The youngest, Teddi, 19 months, will survive, while her little sister Nala, three years old, will not. The story of two girls being treated for metachromatic leukodystrophy, a serious progressive neurodegenerative genetic disease, is moving in the United Kingdom: the younger of the two was treated with gene therapy using one of the most expensive drugs ever administered by the British national health system, while the eldest has a worse diagnosis.
The disease has in fact already pervaded her nervous system and main organs. Upon the discovery, “our world was destroyed,” said the girls’ mother. “To hear that there were no therapies available for Nala – she explained – that our daughter would continue to lose all function and she would die as a child broke our hearts”.
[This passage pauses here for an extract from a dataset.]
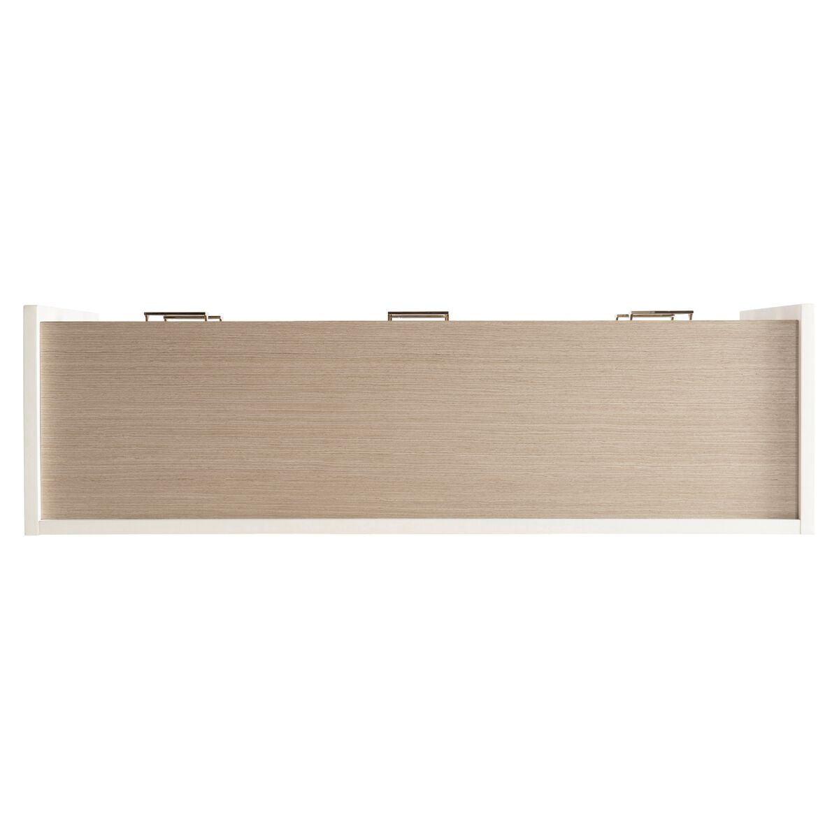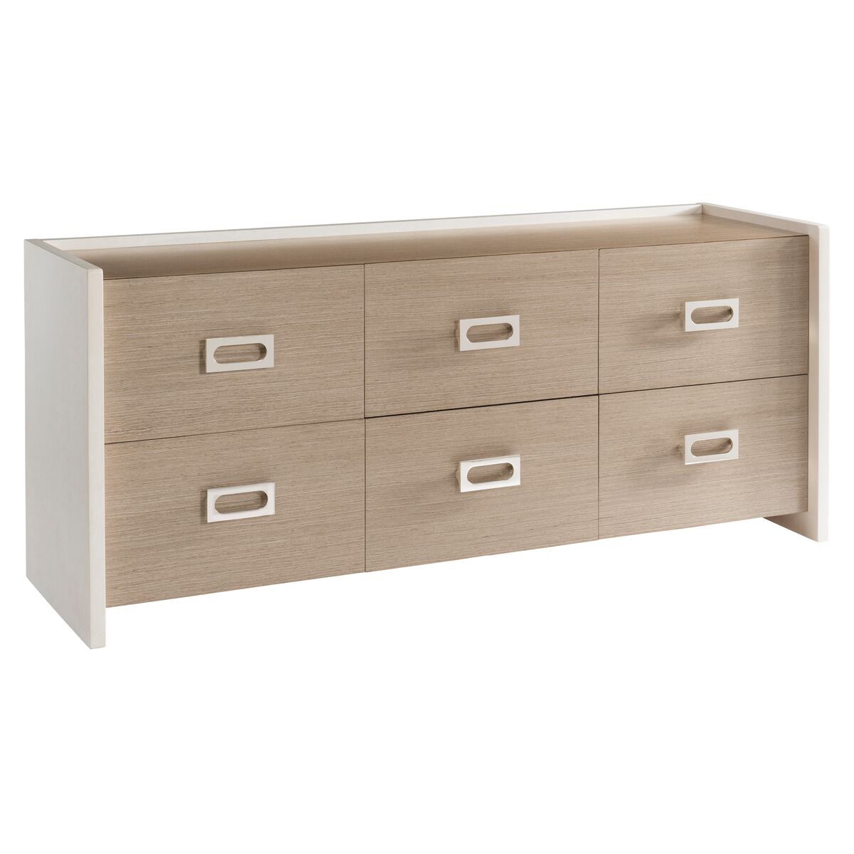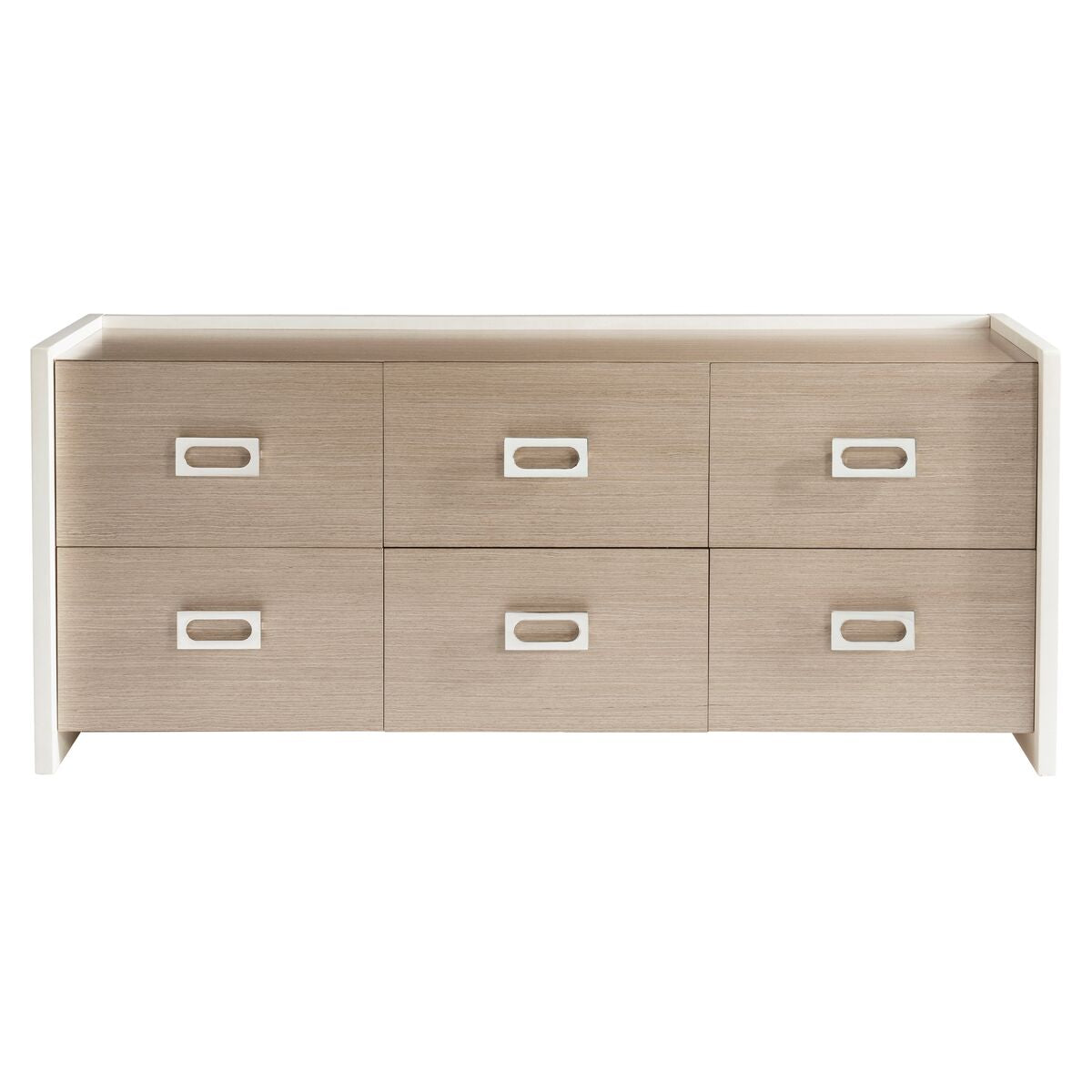 Dresser With Gallery Rail Around Back And Sides. Six Soft-Close Drawers With Metal Pulls. Sahara Finish On Top And Drawers. Adobe Finish On End Panels And Gallery. Adjustable Glides.

The parents remain clinging to hope for Teddi: “Because of her age and her condition she could have been treated. We are deeply grateful that this therapy is available today through public health and that there is an opportunity for Teddi to live a long and normal life.”
Until last Christmas, Nala was fine: “She was a lively, very talkative, active child,” recalls dad Jake. She then had trouble speaking, and lost her balance. Teddy, on the other hand, was diagnosed after her sister.
He began treatment in June 2022, with several surgeries to correct the genetic code with stem cell therapy, followed by the administration of Libmeldy, a single infusion costing £2.8m.
“We hope that one day – conclude the Shaws – there will be a therapy for all stages of metachromatic leukodystrophy, and that this disease will be added to the exploratory tests that are done to newborns to prevent other families from having to suffer as we are suffering”.